- What this task involves: Please return every record exactly as written, leaving out the pictures.

[Saved data entries]
----------

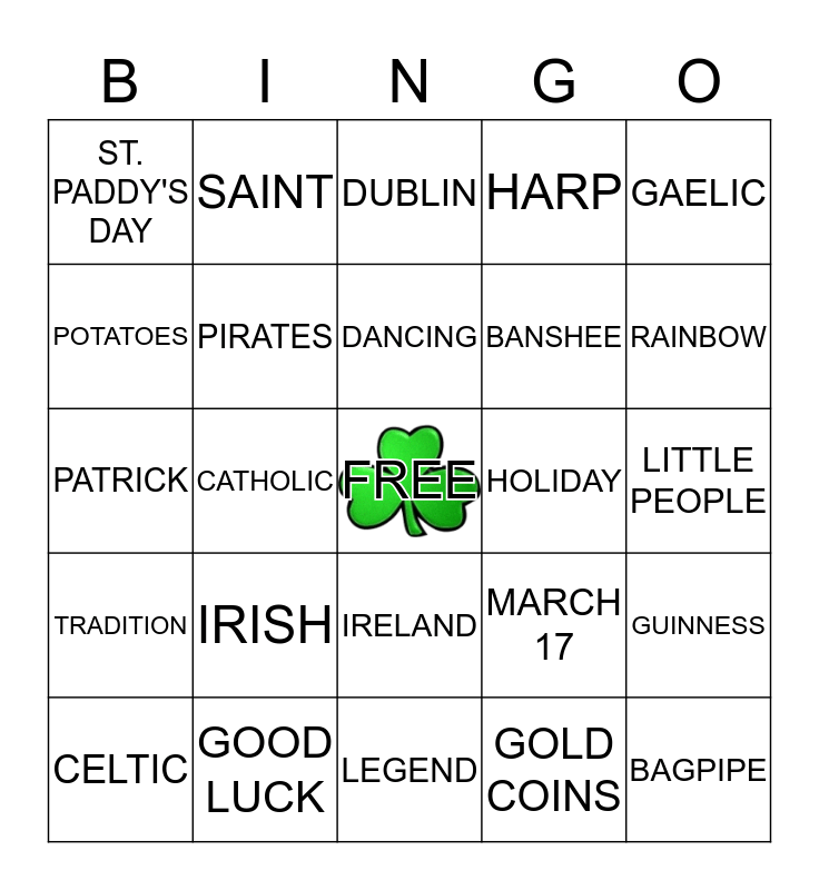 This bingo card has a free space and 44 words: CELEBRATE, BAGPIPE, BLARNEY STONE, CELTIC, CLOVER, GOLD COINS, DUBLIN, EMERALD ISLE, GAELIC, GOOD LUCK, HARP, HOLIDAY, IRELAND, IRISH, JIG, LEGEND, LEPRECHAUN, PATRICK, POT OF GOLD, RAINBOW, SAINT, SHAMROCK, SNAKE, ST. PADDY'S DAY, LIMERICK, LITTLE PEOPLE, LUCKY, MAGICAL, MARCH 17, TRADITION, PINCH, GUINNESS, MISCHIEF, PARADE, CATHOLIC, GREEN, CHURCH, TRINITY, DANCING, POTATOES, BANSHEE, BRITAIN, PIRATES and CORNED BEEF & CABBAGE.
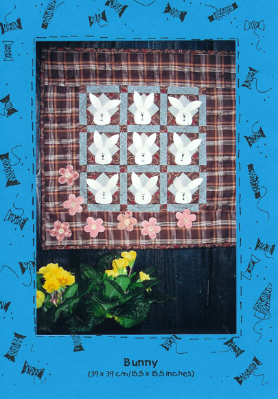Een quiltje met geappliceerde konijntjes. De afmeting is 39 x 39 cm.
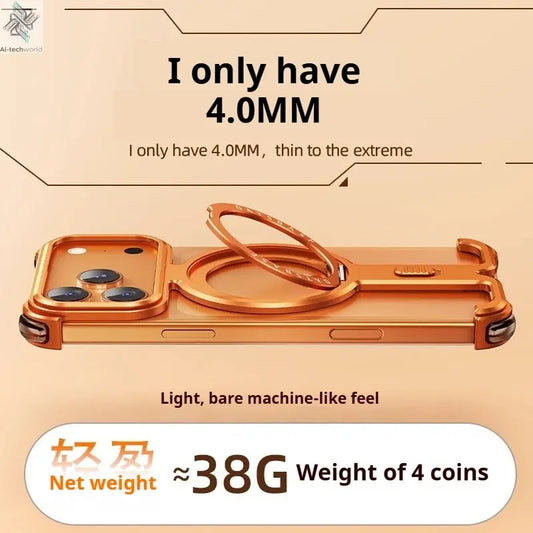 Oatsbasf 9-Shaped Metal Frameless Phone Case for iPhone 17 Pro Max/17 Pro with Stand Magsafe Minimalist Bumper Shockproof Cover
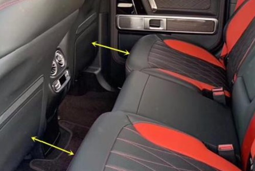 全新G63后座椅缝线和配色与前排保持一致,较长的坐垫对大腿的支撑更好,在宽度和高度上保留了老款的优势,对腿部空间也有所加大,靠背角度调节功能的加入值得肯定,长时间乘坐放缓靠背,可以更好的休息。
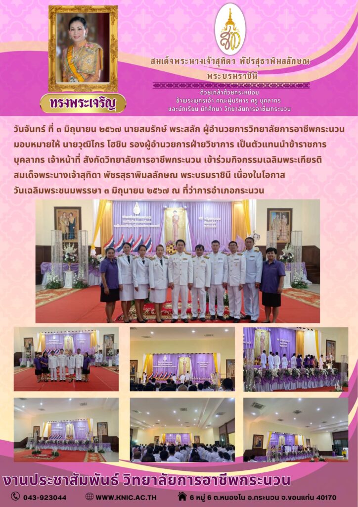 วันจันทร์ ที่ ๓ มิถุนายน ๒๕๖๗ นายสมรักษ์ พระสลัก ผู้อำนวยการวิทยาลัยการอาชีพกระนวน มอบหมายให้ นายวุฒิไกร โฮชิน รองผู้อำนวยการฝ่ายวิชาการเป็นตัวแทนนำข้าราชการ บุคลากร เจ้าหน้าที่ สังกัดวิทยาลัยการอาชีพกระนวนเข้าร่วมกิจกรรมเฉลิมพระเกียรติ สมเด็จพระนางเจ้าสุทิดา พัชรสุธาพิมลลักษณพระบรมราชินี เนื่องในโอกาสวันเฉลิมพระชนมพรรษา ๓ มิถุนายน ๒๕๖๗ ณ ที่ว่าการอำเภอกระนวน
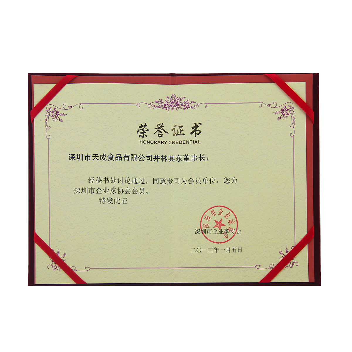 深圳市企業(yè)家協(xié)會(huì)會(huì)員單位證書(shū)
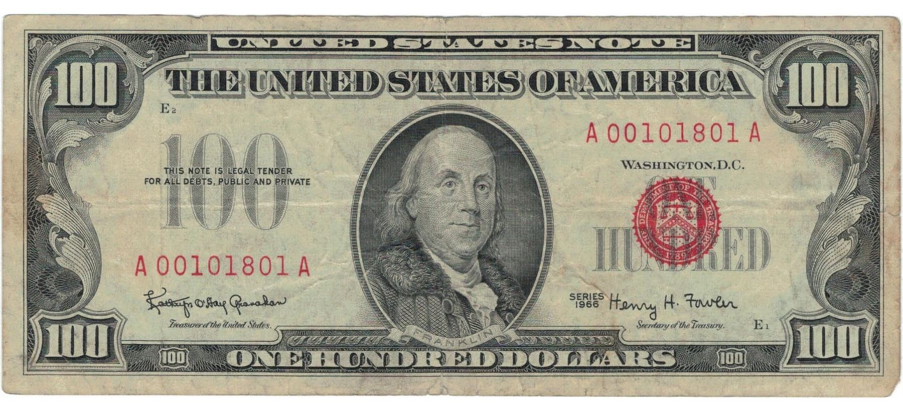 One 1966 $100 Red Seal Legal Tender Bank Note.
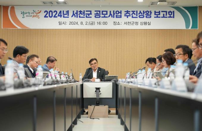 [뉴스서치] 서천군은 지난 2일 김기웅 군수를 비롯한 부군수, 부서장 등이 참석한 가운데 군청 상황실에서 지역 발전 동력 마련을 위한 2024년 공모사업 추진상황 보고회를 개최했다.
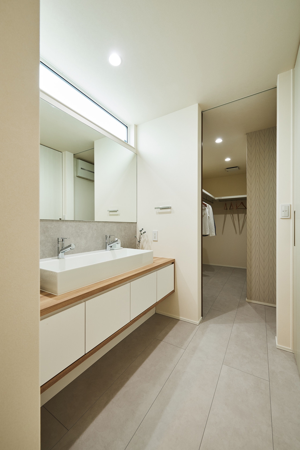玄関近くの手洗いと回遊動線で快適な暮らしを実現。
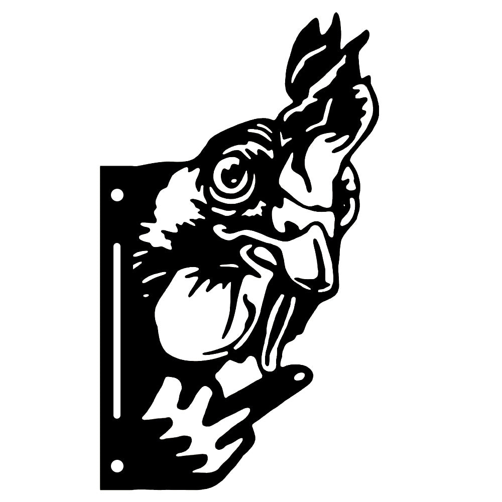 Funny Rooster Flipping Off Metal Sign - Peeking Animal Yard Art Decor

----------

- Task answer:
 This bingo card has a free space and 44 words: CELEBRATE, BAGPIPE, BLARNEY STONE, CELTIC, CLOVER, GOLD COINS, DUBLIN, EMERALD ISLE, GAELIC, GOOD LUCK, HARP, HOLIDAY, IRELAND, IRISH, JIG, LEGEND, LEPRECHAUN, PATRICK, POT OF GOLD, RAINBOW, SAINT, SHAMROCK, SNAKE, ST. PADDY'S DAY, LIMERICK, LITTLE PEOPLE, LUCKY, MAGICAL, MARCH 17, TRADITION, PINCH, GUINNESS, MISCHIEF, PARADE, CATHOLIC, GREEN, CHURCH, TRINITY, DANCING, POTATOES, BANSHEE, BRITAIN, PIRATES and CORNED BEEF & CABBAGE.
Een quiltje met geappliceerde konijntjes. De afmeting is 39 x 39 cm.
 Oatsbasf 9-Shaped Metal Frameless Phone Case for iPhone 17 Pro Max/17 Pro with Stand Magsafe Minimalist Bumper Shockproof Cover
 全新G63后座椅缝线和配色与前排保持一致,较长的坐垫对大腿的支撑更好,在宽度和高度上保留了老款的优势,对腿部空间也有所加大,靠背角度调节功能的加入值得肯定,长时间乘坐放缓靠背,可以更好的休息。
 วันจันทร์ ที่ ๓ มิถุนายน ๒๕๖๗ นายสมรักษ์ พระสลัก ผู้อำนวยการวิทยาลัยการอาชีพกระนวน มอบหมายให้ นายวุฒิไกร โฮชิน รองผู้อำนวยการฝ่ายวิชาการเป็นตัวแทนนำข้าราชการ บุคลากร เจ้าหน้าที่ สังกัดวิทยาลัยการอาชีพกระนวนเข้าร่วมกิจกรรมเฉลิมพระเกียรติ สมเด็จพระนางเจ้าสุทิดา พัชรสุธาพิมลลักษณพระบรมราชินี เนื่องในโอกาสวันเฉลิมพระชนมพรรษา ๓ มิถุนายน ๒๕๖๗ ณ ที่ว่าการอำเภอกระนวน
 深圳市企業(yè)家協(xié)會(huì)會(huì)員單位證書(shū)
 One 1966 $100 Red Seal Legal Tender Bank Note.
 [뉴스서치] 서천군은 지난 2일 김기웅 군수를 비롯한 부군수, 부서장 등이 참석한 가운데 군청 상황실에서 지역 발전 동력 마련을 위한 2024년 공모사업 추진상황 보고회를 개최했다.
玄関近くの手洗いと回遊動線で快適な暮らしを実現。
 Funny Rooster Flipping Off Metal Sign - Peeking Animal Yard Art Decor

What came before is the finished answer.